U.S. District Judge Roger Vinson, who signed an order requiring Verizon to give the National Security Agency telephone records for tens of millions of American customers, attended an expense-paid judicial seminar sponsored by a libertarian think tank that featured lectures from a vocal proponent of executive branch powers.
Vinson, whose term on the secret Foreign Intelligence Surveillance Court began in 2006 and expired last month, was the only member of the special court to attend the August 2008 conference sponsored by the Foundation for Research on Economics & the Environment, according to disclosure records filed by the federal judge.
The Center for Public Integrity collected the disclosure records as part of an investigative report that revealed how large corporations and conservative foundations routinely sponsor ideologically driven educational conferences for state and federal judges.
It’s unclear which lectures Vinson attended during the “Terrorism, Civil Liberty, & National Security” seminar. FREE’s website only provides a general agenda for the program and no lecture transcripts.
But Eric Posner, a University of Chicago law professor who delivered two lectures, argued in a 2007 book he co-wrote — Terror in the Balance: Security, Liberty, and the Courts — that “the executive branch, not Congress or the judicial branch, should make the tradeoff between security and liberty.”
The book also asserts that while “no one doubts that injustices occur during emergencies, the type of judicial scrutiny that would be needed to prevent the injustices that have occurred during American history would cause more harm than good by interfering with justified executive actions.”
The seminar, conducted in Montana, also included separate lectures entitled “Terrorism & the U.S. Constitution,” “Decision-Making in Counter Terrorism Dilemmas” and “The Triumph & Pitfalls of the Security State.”
John Baden, FREE’s chairman, says that while his recollection of the seminar is hazy, it included experts from “both sides” of the national security debate.
One such conference speaker was University of Utah law professor Amos Guiora, who describes himself as a proponent of judicial review and checks on executive power.
He notes that his views regarding the balance of civil liberties and national security are very different from those held by Posner.
“Eric and I totally disagree,” he says, noting that he and Posner were the conference’s primary lecturers.

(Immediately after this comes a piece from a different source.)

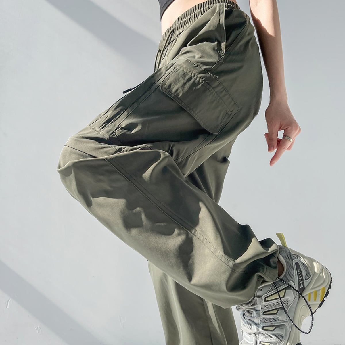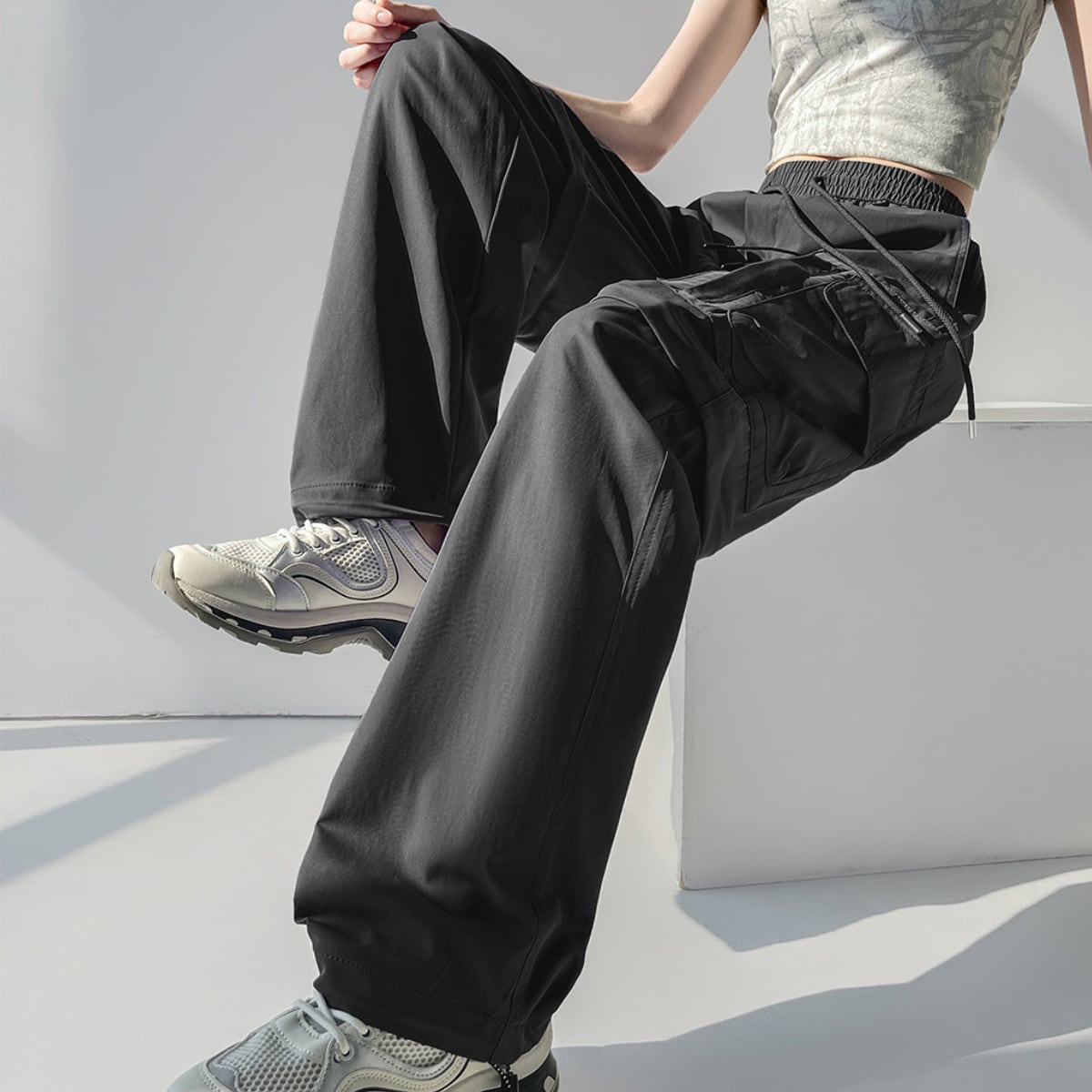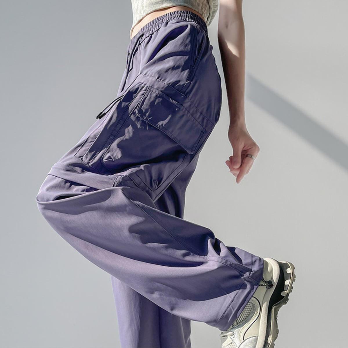 膝部分のファスナーで取り外し可能で、ロングパンツとショーツの2通りのスタイルが楽しめるカーゴパンツ。

Vinson, a senior status judge, and Posner did not immediately respond to requests for comment.
Sheldon Snook, a spokesman for the Foreign Intelligence Surveillance Court, had no comment about the seminar but did release a statement from Presiding Judge Reggie Walton responding to criticism of the surveillance court that has recently surfaced in news reports.
“The perception that the court is a rubber stamp is absolutely false,” Walton’s statement reads. “There is a rigorous review process of applications submitted by the executive branch, spearheaded initially by five judicial branch lawyers who are national security experts, and then by the judges, to ensure that the court’s authorizations comport with what the applicable statutes authorize.”
In April, Vinson approved the government agency’s “top secret” request ordering Verizon on an “ongoing daily basis” to give the NSA telephone records for all its customers’ phone calls “between the United States and abroad,” as well as those made within the United States.
Vinson, who made headlines two years ago when he invalidated President Obama’s health care law, signed the order authorizing telephone surveillance as a member of the Foreign Intelligence Surveillance Court, a special eleven-member court established in the Foreign Intelligence Surveillance Act of 1978 to review applications for warrants related to national security investigations. The court is composed of federal district judges who are appointed by the Chief Justice of the United States and who serve staggered seven-year terms.
News reports of the highly classified court order, first reported by The Guardian newspaper Wednesday, sparked outrage among many Americans, especially civil libertarians. Legislators and White House officials downplayed the growing controversy, claiming that the monitoring of phone calls is “nothing new” and defending the agency’s efforts as an effective way to gather intelligence on terrorists.